L'impossible valorisation de la réduction de la dette technique

L'impossible valorisation de la réduction de la dette technique
L'agence de régulation de l'aviation civile américaine (FAA) continue d'utiliser des disquettes système pour la couche transport. Un niveau édifiant de dette technique, avec d'imposants risques à la clé. (Photo : K.Beron/PIxabay)

Absence de métriques, de budget et de ROI visible : la réduction de la dette technique est un casse-tête pour la DSI. Impossible pour elle, malgré les risques associés, de convaincre sa direction de l'importance du sujet. Les disquettes système et les bandes perforées qui perdurent au sein de l'agence américaine de régulation de l'aviation civile en sont un exemple édifiant.

PublicitéLa dette technique ou chronologique est le coût total des mises à jour nécessaires de tous les actifs informatiques accumulés au fil de l'histoire d'une entreprise et qui ne sont plus conformes aux normes actuelles d'ingénierie. Et il est indispensable pour les DSI de la gérer pour éviter de nombreux problèmes.

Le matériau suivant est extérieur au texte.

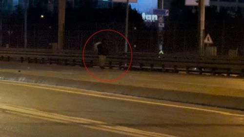 Beylikdüzü'nden E-5 ana yoluna çıkan bir şahıs, gece saatlerinde Avcılar'a kadar kilometrelerce yürüdü; o anlar cep telefonuyla kaydedildi.

Besoin d'une leçon de choses sidérante en la matière ? Comme cela a récemment été rendu public, pour les couches système de transport de son SI, la Federal aviation administration (FAA), l'agence de régulation de l'aviation civile américaine, se repose encore sur des disquettes 3,5 pouces et des bandes perforées ! Nul besoin d'être ingénieur informatique pour savoir qu'une stratégie d'intégration système aussi manifestement obsolète est gage de désastre. Si l'exemple est extrême, de nombreux DSI devraient cependant admettre que leur stack système comporte certainement des composants anciens sources de risques tout aussi importants.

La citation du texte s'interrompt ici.